TL;DR
- Arthur Hayes warns this could be the last chance to buy Bitcoin below $100,000, driven by liquidity from Treasury buybacks.
- The weakening of the dollar and the expansion of the monetary base increase Bitcoin’s appeal as a hedge against inflation.
- Institutional funds like Metaplanet are already increasing their BTC exposure, accumulating over $400 million as part of a defensive strategy.
Arthur Hayes, co-founder of BitMEX and current Chief Investment Officer at Maelstrom, issued a direct warning to those following the crypto market. According to his analysis, this might be the last opportunity to buy Bitcoin below $100,000. The statement triggered immediate reactions among retail investors and institutional funds.
Arthur Hayes: Bitcoin Will Absorb Market Liquidity
The core of his argument centers on U.S. Treasury bond buybacks. This mechanism, which involves the government repurchasing its own debt on the open market, releases liquidity that often flows into risk assets. Hayes believes Bitcoin is the main candidate to absorb that liquidity. The combination of limited supply and rising demand could spark a new price surge, driven not only by speculation but also by concrete macroeconomic factors.
Like the Easter bunny, bounce bounce bounce bounce bounce!
Seriously fam, this might be the last chance you have to buy $BTC < $100k 😉😉😉😉.
New essay drops this week about The BBC Bazooka, treasury buy backs.
Yaxhtzee pic.twitter.com/iYCXqGxsws
— Arthur Hayes (@CryptoHayes) April 21, 2025
The global monetary context supports his view. Jamie Coutts, an analyst at Real Vision, estimates that Bitcoin could surpass $130,000 by the end of 2025. His projection is based on the expansion of the M2 monetary base and the search for assets that can serve as reserves amid persistent inflation. The logic is straightforward: the more money is printed, the greater the interest in scarce instruments like BTC.
The Dollar’s Weakness
At the same time, the weakening of the dollar is adding upward pressure. The index that tracks its strength against other currencies hit lows not seen since March 2022. In that scenario, both gold and Bitcoin are regaining their roles as safe-haven assets. Technical analysts have also identified positive signals: the breakout of bearish patterns, increased buying volume, and a growing correlation with gold’s behavior.

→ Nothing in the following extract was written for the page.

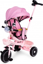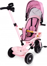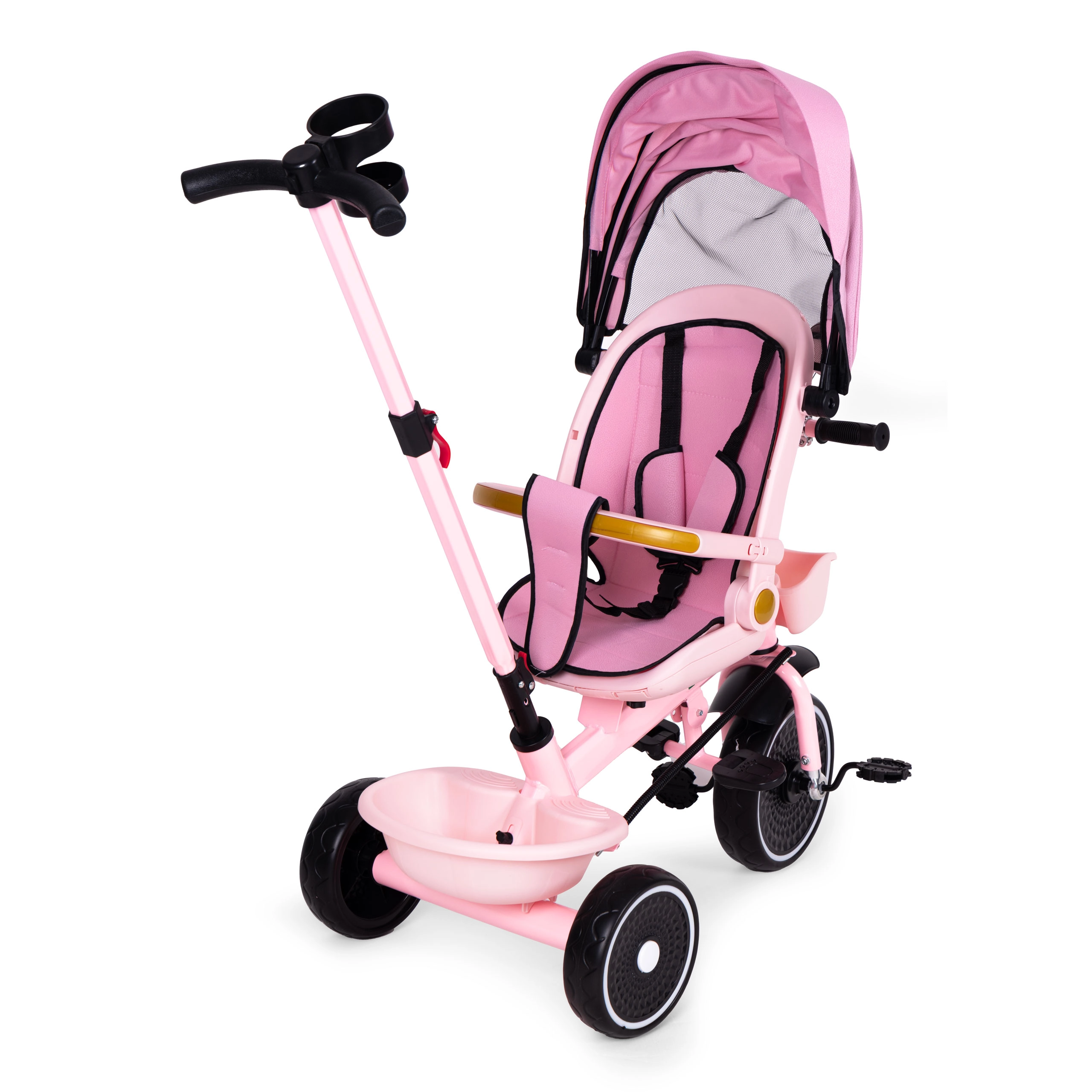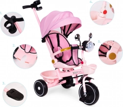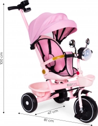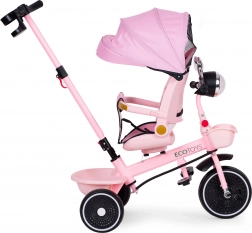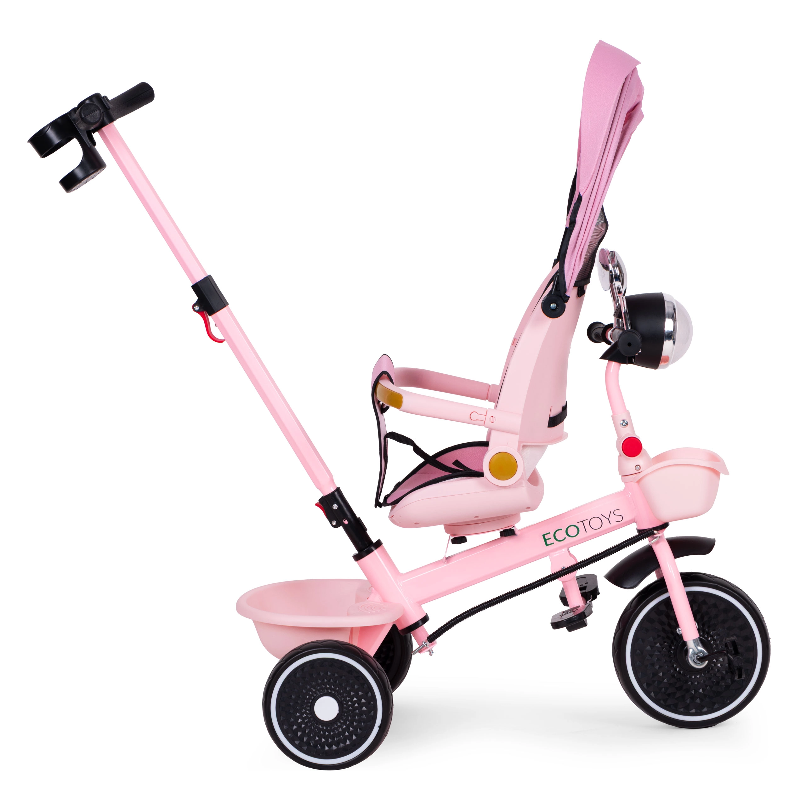 Stylowy różowy trójkołowy wózek ECOTOYS łączy wygodę wózka i radość z jazdy na trójkołowcu. Oferuje obrotowe siedzisko 360°, rodzicielski drążek prowadzący ze sterowaniem przedniego koła, składaną budkę, pięciopunktowe pasy bezpieczeństwa oraz trwałe koła EVA dla płynnej i bezpiecznej jazdy od 6 miesięcy do 6 lat.

Meanwhile, major funds are already moving. Institutional investors in Japan and the United Kingdom are increasing their positions. Metaplanet, often seen as the Japanese equivalent of MicroStrategy, added $28 million in BTC and now holds over $400 million. This is not a passing trend, but part of a strategy to protect against unstable economic conditions.
For Hayes, time is running out. If Treasury buybacks persist and monetary expansion continues, Bitcoin may permanently leave the five-digit range behind.